Nigerian professors: Olutayo and Abubakar awarded £1.7 million in grants for research
… research on Nigeria’s history and culture
Nigerian professors, Olutayo Adesina and Abubakar Sani, were awarded £1.7 million in research grants by the British Academy in the UK to undertake research projects on Nigeria’s historical and cultural domain.
Adesina and Sani, along with eight other professors from across the world, were announced as recipients of the British Academy Global Professorships Award, which aims to foster collaboration between leading international researchers and UK-based institutions.
Who is Olutayo Adesina?
Olutayo Charles Adesina is a Professor of History in the Department of History at the University of Ibadan (UI), Nigeria, and the president of the Society of Nigerian Archivists (SNA).
Adesina started his academic career as a Teaching Assistant at the Obafemi Awolowo University (OAU), Ile-Ife in 1989, and has since accumulated over 35 years of research and teaching experience.
He earned his PhD from the Department of History, OAU, Ile-Ife, Nigeria, and has served as the Centre for General Studies Director at UI.
Throughout his academic career, he has authored and co-authored more than a dozen books and over sixty articles. His research interests are in the fields of West African economic history, with a focus on Nigeria.
Adesina is a Fellow of the Nigerian Academy of Letters and serves as a resource person and international panel of scholars working for the African Humanities Programme of the American Council of Learned Societies (ACLS).
His professorship research is titled “The Town and Gown Interface: Ibadan and the Decolonisation of Social Knowledge in the 20th Century,” which will explore the connection of nationalist history, academic social science, and local knowledge, through extensive interviews and fieldwork in the city of Ibadan in Southwest Nigeria.

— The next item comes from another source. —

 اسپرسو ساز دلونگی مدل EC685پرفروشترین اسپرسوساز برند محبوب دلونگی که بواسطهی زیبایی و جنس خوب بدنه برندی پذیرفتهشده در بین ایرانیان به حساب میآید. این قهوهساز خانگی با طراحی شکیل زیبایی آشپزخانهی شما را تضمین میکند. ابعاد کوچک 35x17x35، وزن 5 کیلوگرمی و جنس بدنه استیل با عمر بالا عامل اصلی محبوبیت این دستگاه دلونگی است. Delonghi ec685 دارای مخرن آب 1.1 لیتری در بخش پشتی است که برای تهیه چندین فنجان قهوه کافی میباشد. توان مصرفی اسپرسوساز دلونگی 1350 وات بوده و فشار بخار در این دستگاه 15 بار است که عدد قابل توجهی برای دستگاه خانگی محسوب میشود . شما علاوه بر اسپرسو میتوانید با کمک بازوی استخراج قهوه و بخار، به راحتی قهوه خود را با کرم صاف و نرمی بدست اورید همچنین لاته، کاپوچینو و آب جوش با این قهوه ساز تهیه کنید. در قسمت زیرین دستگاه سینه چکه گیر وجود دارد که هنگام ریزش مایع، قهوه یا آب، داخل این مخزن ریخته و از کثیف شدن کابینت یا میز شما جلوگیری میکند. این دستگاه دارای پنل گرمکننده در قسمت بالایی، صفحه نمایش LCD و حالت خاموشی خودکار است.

He received £879,117 and will work with the University of Manchester during his study, which is to begin this year.
Who is Abubakar Sani?
Abubakar Sule Sani is a Professor of Archaeology at the Department of Archaeology and Heritage Studies, Ahmadu Bello University (ABU), Zaria, in North Central Nigeria, where he was a former Head of Department (HOD).
Sani’s research interests are in settlement history, material culture, and socio-political development of northern Nigeria over the last millennium, which he has been studying of over 27 years.

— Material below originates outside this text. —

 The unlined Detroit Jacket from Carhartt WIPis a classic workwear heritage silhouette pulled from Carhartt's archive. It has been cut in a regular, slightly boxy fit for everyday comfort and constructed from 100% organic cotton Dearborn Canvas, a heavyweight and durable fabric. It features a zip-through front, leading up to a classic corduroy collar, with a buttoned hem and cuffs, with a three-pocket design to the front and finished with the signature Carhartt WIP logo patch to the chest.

He is also interested in the protection of Nigeria’s heritage and has written about it.
During his professorship, Sani will draw on archaeological, ethnographic, and archival data held in British and Nigerian museums to study large and under-researched collections from key Nigerian archaeological sites.
He titled his study “Looking Forward, Looking Back: Past and Present West African Communities Revealed through Museum Collections,” which according to him will “bring new understandings of African history, and of UK/Nigerian research histories, through academic outputs, online resources, exhibitions and outreach in the UK and Nigeria.”
Sani received £892,037 for his research project with the University of East Anglia.
He says the project will have a transformative impact on his research and that of the Univesity, “while helping remedy current post-colonial issues concerning the role and value of museum collections.”
Other recipients of the Global Professorship Award include Tetyana Antsupova from Ukraine, Paul Behrens and Sandrine Berges from the UK, Karine Chemla from France, Saloumeh Gholami from Germany, and Ayelet Landau from Israel.